Mile-a-Minute Kendall is a 1918 American silent drama film directed by William Desmond Taylor and released by Paramount Pictures. Jack Pickford plays the title role, a wealthy, rakish young man who falls for a gold digger. The "beautiful but unscrupulous fortune hunter" who tempts Kendall is played by Lottie Pickford, Jack's sister; a contemporary review in Variety noted that "the idea of a sister 'vamping' her own brother is not exactly palatable." Louise Huff plays the "good girl" in the story.

==Reception==
Good reviews marked the release of this film. Pickford received excellent reviews for his performance which was described as "refreshing" by Photoplay. Mile-a-Minute Kendall was paired with the Mack Sennett comedy short A Battle Royal in some theaters during its original release.

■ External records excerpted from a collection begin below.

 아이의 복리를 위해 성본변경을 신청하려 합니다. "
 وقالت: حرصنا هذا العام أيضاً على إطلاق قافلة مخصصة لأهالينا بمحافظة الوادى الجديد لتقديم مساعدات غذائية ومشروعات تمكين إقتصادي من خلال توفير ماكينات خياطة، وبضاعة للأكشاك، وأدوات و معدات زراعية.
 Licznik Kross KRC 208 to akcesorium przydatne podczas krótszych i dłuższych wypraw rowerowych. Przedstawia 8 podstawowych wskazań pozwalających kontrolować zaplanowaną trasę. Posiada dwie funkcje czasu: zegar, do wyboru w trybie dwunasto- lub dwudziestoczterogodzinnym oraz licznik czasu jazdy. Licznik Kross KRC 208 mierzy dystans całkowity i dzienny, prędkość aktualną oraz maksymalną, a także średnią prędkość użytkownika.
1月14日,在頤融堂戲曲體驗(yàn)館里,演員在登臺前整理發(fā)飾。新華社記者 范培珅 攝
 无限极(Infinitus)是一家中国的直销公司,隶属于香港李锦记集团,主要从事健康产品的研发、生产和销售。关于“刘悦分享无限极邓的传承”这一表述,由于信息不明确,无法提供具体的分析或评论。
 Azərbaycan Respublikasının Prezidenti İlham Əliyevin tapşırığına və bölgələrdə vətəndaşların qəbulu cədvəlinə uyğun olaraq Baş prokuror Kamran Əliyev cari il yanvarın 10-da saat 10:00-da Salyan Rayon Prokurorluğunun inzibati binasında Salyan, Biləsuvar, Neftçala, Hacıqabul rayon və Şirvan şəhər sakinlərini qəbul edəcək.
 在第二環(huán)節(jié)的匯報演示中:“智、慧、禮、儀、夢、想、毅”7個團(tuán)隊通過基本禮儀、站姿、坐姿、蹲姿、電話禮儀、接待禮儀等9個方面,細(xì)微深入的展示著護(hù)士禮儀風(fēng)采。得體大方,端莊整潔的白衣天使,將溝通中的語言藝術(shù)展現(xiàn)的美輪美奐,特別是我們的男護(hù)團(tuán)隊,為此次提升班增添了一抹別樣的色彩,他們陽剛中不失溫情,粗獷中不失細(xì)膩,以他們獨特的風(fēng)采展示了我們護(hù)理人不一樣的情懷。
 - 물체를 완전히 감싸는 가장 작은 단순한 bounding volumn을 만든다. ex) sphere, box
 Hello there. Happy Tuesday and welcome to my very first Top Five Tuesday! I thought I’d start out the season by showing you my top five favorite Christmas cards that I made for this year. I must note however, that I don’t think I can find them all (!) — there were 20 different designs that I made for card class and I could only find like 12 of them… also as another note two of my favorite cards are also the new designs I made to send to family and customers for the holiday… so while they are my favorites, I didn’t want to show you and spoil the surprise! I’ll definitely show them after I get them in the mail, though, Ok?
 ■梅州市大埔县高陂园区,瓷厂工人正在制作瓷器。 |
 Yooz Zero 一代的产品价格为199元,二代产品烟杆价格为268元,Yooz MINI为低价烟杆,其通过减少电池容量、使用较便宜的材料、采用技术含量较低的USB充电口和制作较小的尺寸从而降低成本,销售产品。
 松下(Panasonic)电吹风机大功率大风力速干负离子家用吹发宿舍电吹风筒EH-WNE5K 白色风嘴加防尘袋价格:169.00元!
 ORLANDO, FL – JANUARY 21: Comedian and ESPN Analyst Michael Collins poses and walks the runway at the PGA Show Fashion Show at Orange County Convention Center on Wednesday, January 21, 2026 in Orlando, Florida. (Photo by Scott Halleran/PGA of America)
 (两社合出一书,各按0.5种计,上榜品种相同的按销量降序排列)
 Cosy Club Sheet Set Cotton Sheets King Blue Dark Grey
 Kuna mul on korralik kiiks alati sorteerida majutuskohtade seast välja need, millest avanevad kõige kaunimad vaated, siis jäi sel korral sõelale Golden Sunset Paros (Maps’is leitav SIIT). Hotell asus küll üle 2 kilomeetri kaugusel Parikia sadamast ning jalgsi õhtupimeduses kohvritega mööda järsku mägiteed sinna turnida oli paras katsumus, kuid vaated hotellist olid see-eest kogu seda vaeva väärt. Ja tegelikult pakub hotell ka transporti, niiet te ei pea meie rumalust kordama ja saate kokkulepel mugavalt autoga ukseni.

Like many American films of the time, Mile-a-Minute Kendall was subject to cuts by city and state film censorship boards. For example, the Chicago Board of Censors required cuts, in Reel 2, of the second view of a letter with the words "We'll always be friends on the side", two near views of intoxicated young woman seated on table smoking cigarettes, flash two scenes of semi-nude man and woman dancing in restaurant, first view of intoxicated young woman standing against wall, two scenes of bouncing young woman on tapestry and following scene of men carrying her off on their shoulders, scene of intoxicated woman on settee, and, Reel 4, the intertitle ending "That man has been her lover for years".

==Preservation==
With no prints of Mile-a-Minute Kendall located in any film archives, it is a lost film.